On Feb. 13, President Donald Trump signed an executive order establishing the “Make America Healthy Again Commission.” The commission’s goal is to increase American life expectancy to meet the world’s average by “drastically lowering chronic disease rates and ending childhood chronic disease.” Although the commission has several noble goals, including lowering cancer and asthma rates, the reasons for targeting certain conditions with increased diagnosis rates reinforce harmful stereotypes and further harm those diagnosed with the conditions.
One condition with a growing number of diagnoses is autism spectrum disorder. The executive order notes one in 36 children in the United States are currently diagnosed with autism spectrum disorder, a “staggering increase” from the one to four out of 10,000 children diagnosed in the 1980s. The executive order also highlights an increase in the number of children medicated for attention deficit hyperactivity disorder (ADHD), with the number of prescriptions to manage ADHD symptoms rising from 3.2 million in 2019-2020 to 3.4 million today.

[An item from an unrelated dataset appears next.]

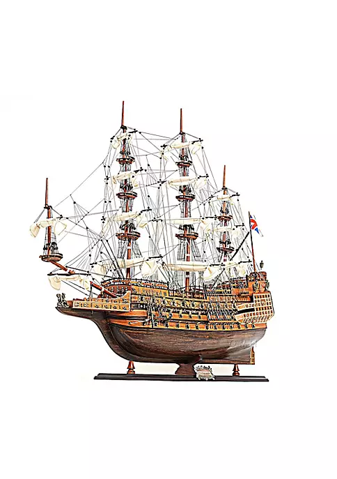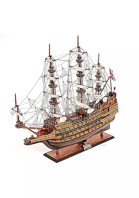This is museum-quality, FULLY ASSEMBLED replica of H.M.S. Sovereign of the Seas, a first-rate ship in the British Royal Navy for more than 50 years in the 1600s. This is an “Exclusive Edition” where the model has a unique serial number etched into the hull, which allows us to identify production date, material used and all other production information of a model. Master craftsmen using historical photographs, drawings or original plans meticulously handcraft these highly detailed wood models from scratch. They are built to scale with high-grade wood such as: western red cedar, rosewood, and mahogany. They are 100% hand built individually using plank-on-frame construction method and are similar to the building of actual ships. Each model requires hundreds of hours to finish and must go through a demanding quality control process before leaving the workshop. This magnificent Sovereign of the Seas model features plank on frame, three decks, and three rows of ferocious cannons on each side of the ship. A unique bowsprit design that consists of: brass statues and crafted brass ornaments on the panels. The front bowsprit and three large masts are connected securely using advanced rigging and lines painstakingly knotted and fastened by hand. Each yard has an attached hand-stitched rolled-up sails made of fine linen. Metal anchors and a wooden rudder are visible on the front and rear of the ship. On the deck, there are metal stationed cannons, authentic hand-built lifeboats with ribs and planks, wooden cabin, and many other handcrafted ornaments. There is also an exquisite detailed admiral’s quarter on the stern with a beautiful handcrafted metal lantern, amazing metal crafted statues, and many other spectacular brass ornaments. This model comes standard with a solid wood base and brass nameplate. It’ll make a perfect gift for home or office decorator, boat enthusiast or passionate collector. The front bowsprit and three large masts are connected securely using advanced rigging and lines painstakingly knotted and fastened by hand. A unique bowsprit design that consists of: brass statues and crafted brass ornaments on the panels. This model comes standard with a solid wood base and brass nameplate. Dimension: 35″L x 12″W x 37″H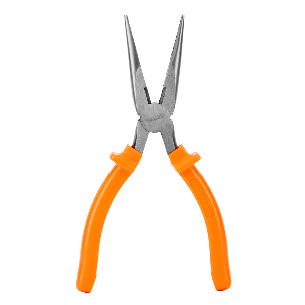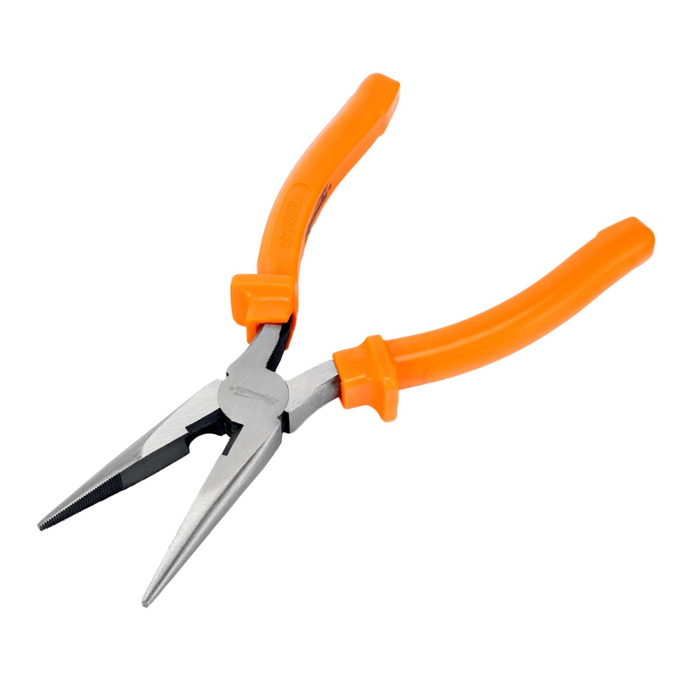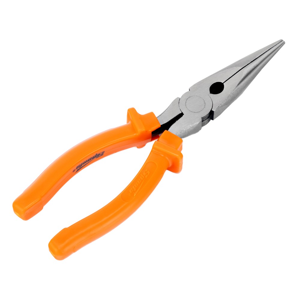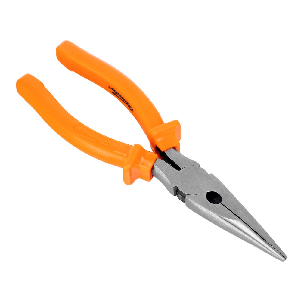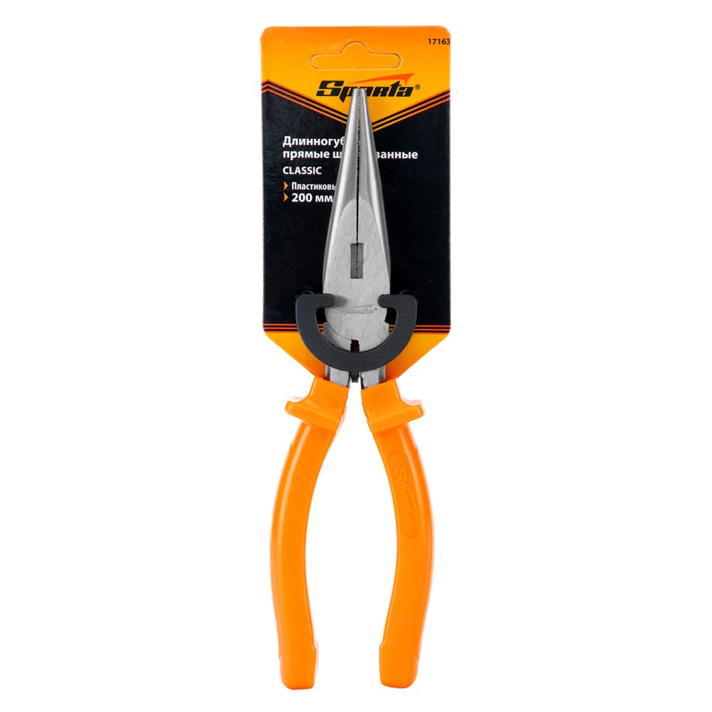 Прямые шлифованные длинногубцы Sparta Classic 17163 длиной 200 мм, с пластмассовыми рукоятками, облегчают манипуляции с крепежом, мелкими деталями, проводами и проволокой. Удлиненные губки обеспечивают доступ в узкие места. Инструмент будет полезен во время строительства или ремонта, пригодится для монтажа и демонтажа оборудования, а также при починке бытовой техники и электроники.ПреимуществаИзносостойкость — длинногубцы изготовлены из инструментальной углеродистой стали C45.Эффективное выполнение поставленных задач — губки имеют твердость около 45,5 HRC, режущими кромками твердостью 53 HRC можно перекусывать проволоку.Эргономичность — пластмассовые рукоятки с широкими упорами удобно лежат в ладони.

There are several problems with how these conditions are addressed and how the data on increased diagnoses and prescriptions are presented. The rise in diagnoses has little to do with health; the diagnostic binaries of both autism and ADHD have dramatically expanded over the past several decades, thus explaining the drastic change in the number of diagnoses. There were not fewer autistic individuals in the 1980s. There were only more Americans undiagnosed and left to struggle to conform to a society not designed for them.
In framing the increased diagnoses of autism and ADHD as contributing to a public health crisis, Trump and the “Make America Healthy Again Commission” reinforce harmful misconceptions about neurodivergence. These conditions are not issues to be solved but instead must be better understood. Expanding access to health care resources, ensuring legal rights to accommodations and celebrating neurodiversity are better alternatives to policies that contribute to harmful narratives about neurodivergence. If the commission seeks to truly improve the health of the nation, there must be a shift in how neurodivergence is discussed.